In Pickett v. State, 37 Ala.App. 410, 71 So.2d 102 (1953), cert. denied, 260 Ala. 699, 71 So.2d 107 (1954), the testimony presented by law and expert witnesses led to "the necessary conclusion that this appellant is a congental mental deficient." 37 Ala.App. at 413, 71 So.2d 102.

"If this conviction be sustained, it can only be done on the bare assumption of sanity prevailing to every accused.

"The undisputed and substantial evidence as to this accused's mental defectiveness must be deemed to have overcome this presumption."
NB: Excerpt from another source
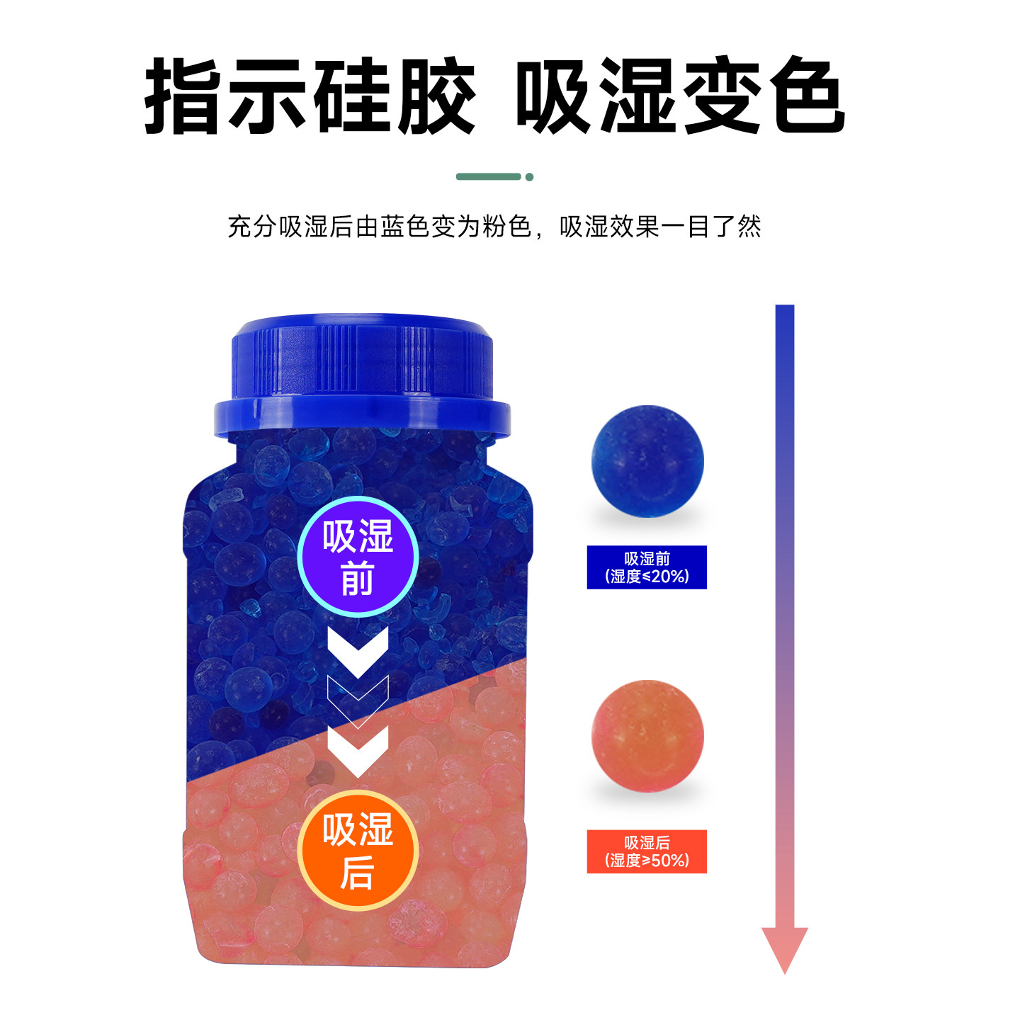 启庞干燥剂500克g橙色蓝色变色硅胶防潮珠吸钢3D打印机pla耗材干燥箱干燥剂乐器吉他手表钢琴耳蜗瓶装防潮珠

37 Ala.App. 415, 71 So.2d 102.

Testimony presented showed that Pickett was mentally defective and an imbecile before, at the time of, and after the commission of the offense.

In Christian v. State, 351 So.2d 623 (Ala.1977), the evidence also showed that Christian had a history of mental disorders prior to the homicide, including admission to Bryce Hospital on several occasions. Although the defense presented three psychiatrists who testified that Christian was insane at the time he committed the homicide, the State presented no expert testimony concerning Christian's sanity. The only evidence which could arguably be used to rebut the evidence of insanity was the testimony of Christian's sister.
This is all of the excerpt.